Records from a data source:
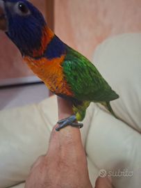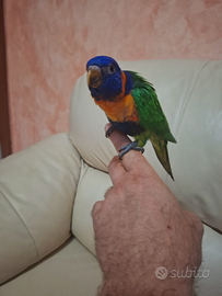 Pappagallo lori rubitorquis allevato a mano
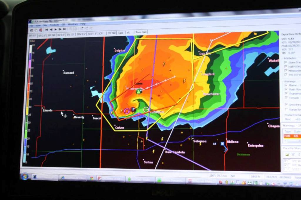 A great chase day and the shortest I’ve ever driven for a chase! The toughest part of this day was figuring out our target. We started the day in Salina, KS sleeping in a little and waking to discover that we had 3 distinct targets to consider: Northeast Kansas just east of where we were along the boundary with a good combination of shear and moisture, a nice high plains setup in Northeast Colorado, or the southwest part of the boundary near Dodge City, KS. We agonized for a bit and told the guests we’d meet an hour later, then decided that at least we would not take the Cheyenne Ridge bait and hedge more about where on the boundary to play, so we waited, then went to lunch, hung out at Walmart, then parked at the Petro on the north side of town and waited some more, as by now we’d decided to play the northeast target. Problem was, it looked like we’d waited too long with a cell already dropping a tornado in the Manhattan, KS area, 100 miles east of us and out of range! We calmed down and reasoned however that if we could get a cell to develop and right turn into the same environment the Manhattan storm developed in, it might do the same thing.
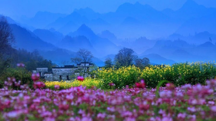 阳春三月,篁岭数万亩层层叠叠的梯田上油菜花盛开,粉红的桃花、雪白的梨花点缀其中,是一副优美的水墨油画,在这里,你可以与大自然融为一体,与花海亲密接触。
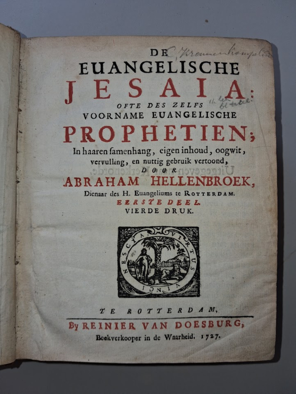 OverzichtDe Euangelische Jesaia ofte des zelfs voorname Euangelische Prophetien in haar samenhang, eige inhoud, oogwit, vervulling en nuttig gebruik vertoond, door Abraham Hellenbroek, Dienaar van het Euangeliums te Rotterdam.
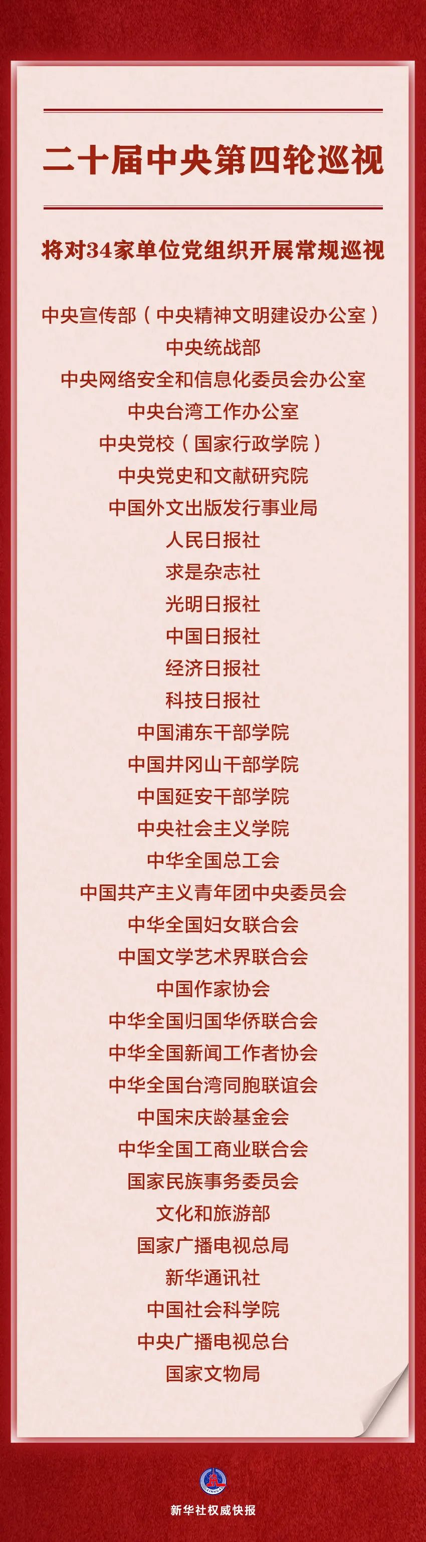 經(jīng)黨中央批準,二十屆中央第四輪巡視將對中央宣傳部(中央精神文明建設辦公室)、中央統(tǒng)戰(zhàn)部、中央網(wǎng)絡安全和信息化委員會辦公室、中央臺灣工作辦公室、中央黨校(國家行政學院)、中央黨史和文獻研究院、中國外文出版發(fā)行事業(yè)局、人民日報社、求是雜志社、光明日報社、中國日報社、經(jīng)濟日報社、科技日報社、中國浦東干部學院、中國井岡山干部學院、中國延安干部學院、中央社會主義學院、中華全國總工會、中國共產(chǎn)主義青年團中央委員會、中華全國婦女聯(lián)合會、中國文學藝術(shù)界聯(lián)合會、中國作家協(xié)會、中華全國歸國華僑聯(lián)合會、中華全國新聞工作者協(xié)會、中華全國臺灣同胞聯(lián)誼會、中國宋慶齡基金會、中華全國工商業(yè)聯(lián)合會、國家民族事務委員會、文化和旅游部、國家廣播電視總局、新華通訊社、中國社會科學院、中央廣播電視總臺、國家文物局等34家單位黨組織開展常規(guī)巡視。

## DIRECTIONS
Output each of the lines above exactly, apart from the images.

## WRITTEN SOLUTION
 Pappagallo lori rubitorquis allevato a mano
 A great chase day and the shortest I’ve ever driven for a chase! The toughest part of this day was figuring out our target. We started the day in Salina, KS sleeping in a little and waking to discover that we had 3 distinct targets to consider: Northeast Kansas just east of where we were along the boundary with a good combination of shear and moisture, a nice high plains setup in Northeast Colorado, or the southwest part of the boundary near Dodge City, KS. We agonized for a bit and told the guests we’d meet an hour later, then decided that at least we would not take the Cheyenne Ridge bait and hedge more about where on the boundary to play, so we waited, then went to lunch, hung out at Walmart, then parked at the Petro on the north side of town and waited some more, as by now we’d decided to play the northeast target. Problem was, it looked like we’d waited too long with a cell already dropping a tornado in the Manhattan, KS area, 100 miles east of us and out of range! We calmed down and reasoned however that if we could get a cell to develop and right turn into the same environment the Manhattan storm developed in, it might do the same thing.
 阳春三月,篁岭数万亩层层叠叠的梯田上油菜花盛开,粉红的桃花、雪白的梨花点缀其中,是一副优美的水墨油画,在这里,你可以与大自然融为一体,与花海亲密接触。
 OverzichtDe Euangelische Jesaia ofte des zelfs voorname Euangelische Prophetien in haar samenhang, eige inhoud, oogwit, vervulling en nuttig gebruik vertoond, door Abraham Hellenbroek, Dienaar van het Euangeliums te Rotterdam.
 經(jīng)黨中央批準,二十屆中央第四輪巡視將對中央宣傳部(中央精神文明建設辦公室)、中央統(tǒng)戰(zhàn)部、中央網(wǎng)絡安全和信息化委員會辦公室、中央臺灣工作辦公室、中央黨校(國家行政學院)、中央黨史和文獻研究院、中國外文出版發(fā)行事業(yè)局、人民日報社、求是雜志社、光明日報社、中國日報社、經(jīng)濟日報社、科技日報社、中國浦東干部學院、中國井岡山干部學院、中國延安干部學院、中央社會主義學院、中華全國總工會、中國共產(chǎn)主義青年團中央委員會、中華全國婦女聯(lián)合會、中國文學藝術(shù)界聯(lián)合會、中國作家協(xié)會、中華全國歸國華僑聯(lián)合會、中華全國新聞工作者協(xié)會、中華全國臺灣同胞聯(lián)誼會、中國宋慶齡基金會、中華全國工商業(yè)聯(lián)合會、國家民族事務委員會、文化和旅游部、國家廣播電視總局、新華通訊社、中國社會科學院、中央廣播電視總臺、國家文物局等34家單位黨組織開展常規(guī)巡視。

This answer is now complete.